Sydney’s newest harbour headland park, Barangaroo Reserve celebrates its first birthday this weekend with one million people already visiting the headland in the first year.
NSW Minister for Tourism and Major Events Stuart Ayres said one million visitors to Barangaroo Reserve in its first year is an outstanding result.
“Just like the Opera House and the Sydney Harbour Bridge, Barangaroo Reserve is quickly becoming a ‘must see’ on the itinerary, with more than 250,000 visitors in the past year from overseas or interstate,” Mr Ayres said.
“Barangaroo Reserve is one of the most visionary pieces of landscape infrastructure in the world and like its namesake is steeped in our city’s history. Barangaroo was a powerful woman at the time of European settlement, and Bennelong was one of her husbands.
“Even if you’ve visited Barangaroo in its first year, this Sunday’s free family fun day shouldn’t be missed with free activities amongst the stunning backdrop of the last day of ‘Sculpture At Barangaroo’ exhibition.

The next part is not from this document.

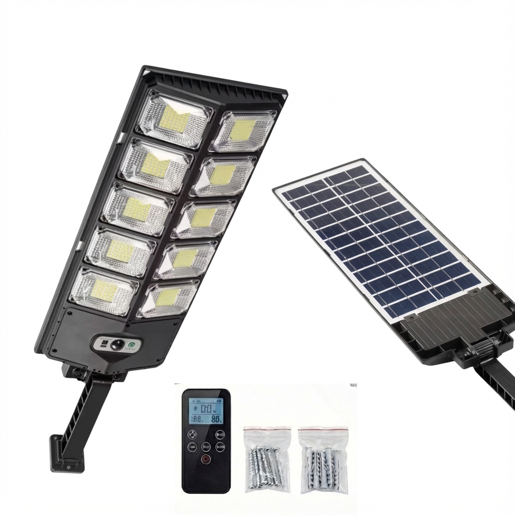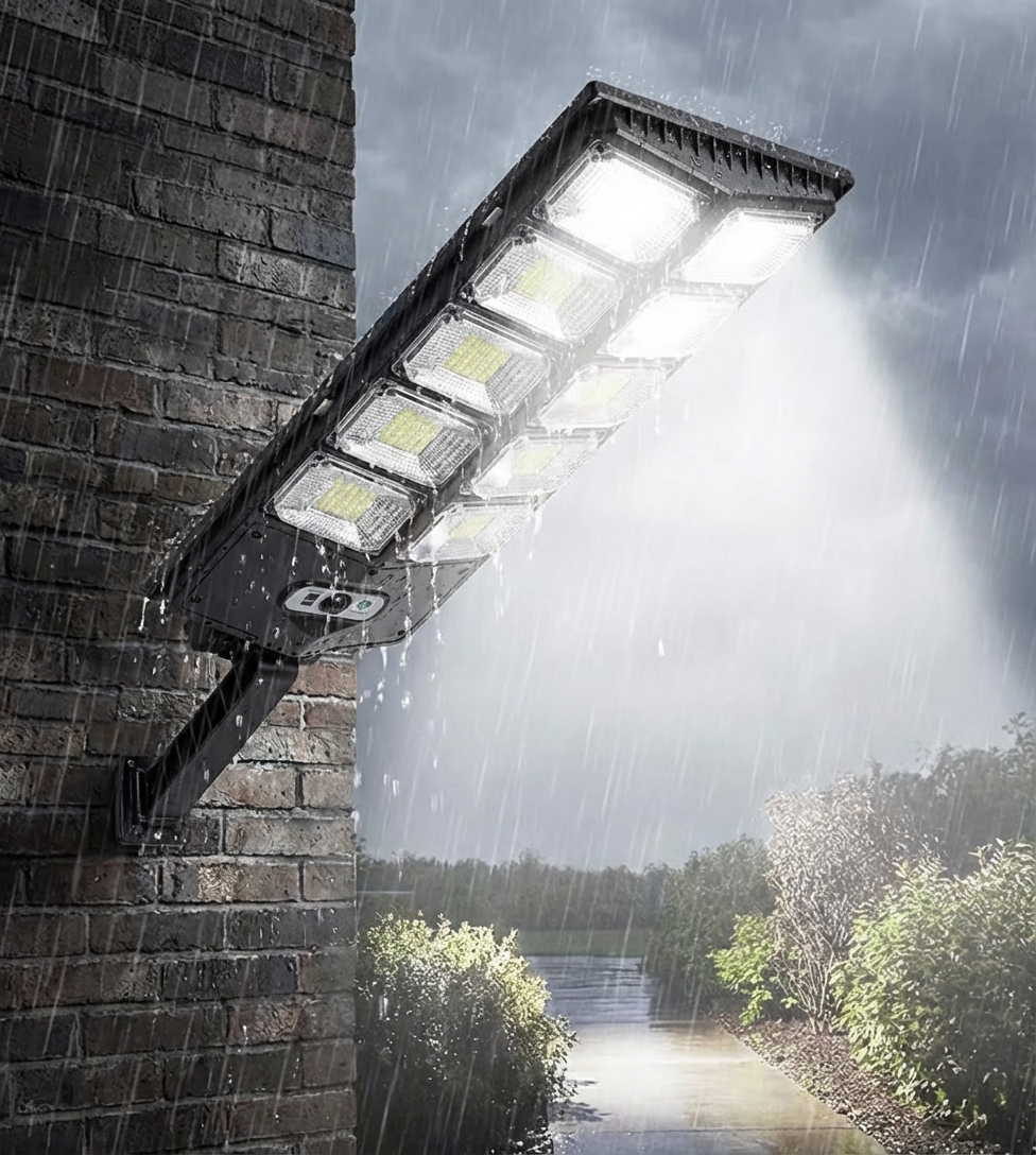 Progettata per illuminare davvero grandi spazi esterni senza lavori elettrici. La lampada integra un pannello solare ad alta efficienza, 504 LED ad alta potenza e una batteria LiFePO4 di qualità automobilistica. Il fascio luminoso è ampio e uniforme, ideale per vialetti, cortili, ingressi, magazzini e capannoni. Il corpo in ABS industriale è resistente a pioggia, sole e gelo, così puoi lasciarla all’esterno tutto l’anno senza preoccupazioni.

Barangaroo Delivery Authority Chief Executive Craig van der Laan said the Aboriginal cultural tours, award-winning landscape architecture and the blossoming flora make it a major CBD drawcard.
“The social and community benefits of the Reserve in its first year have been far reaching,” Mr van der Laan said.
“We have played host to dozens of cultural events, performances and sporting activities from New Year’s Eve and Australia Day to the Sydney Festival and NAIDOC Week which drew 14,000 visitors to learn more about Aboriginal culture.
“More than 4,000 people have explored the site’s rich Aboriginal historical and cultural significance through our tours.
“The 75,000 native plants, shrubs and trees planted last year have taken off, with the wattle currently in full bloom and the banksia, coral pea and westringia all coming into flower, so it’s paradise for garden lovers.”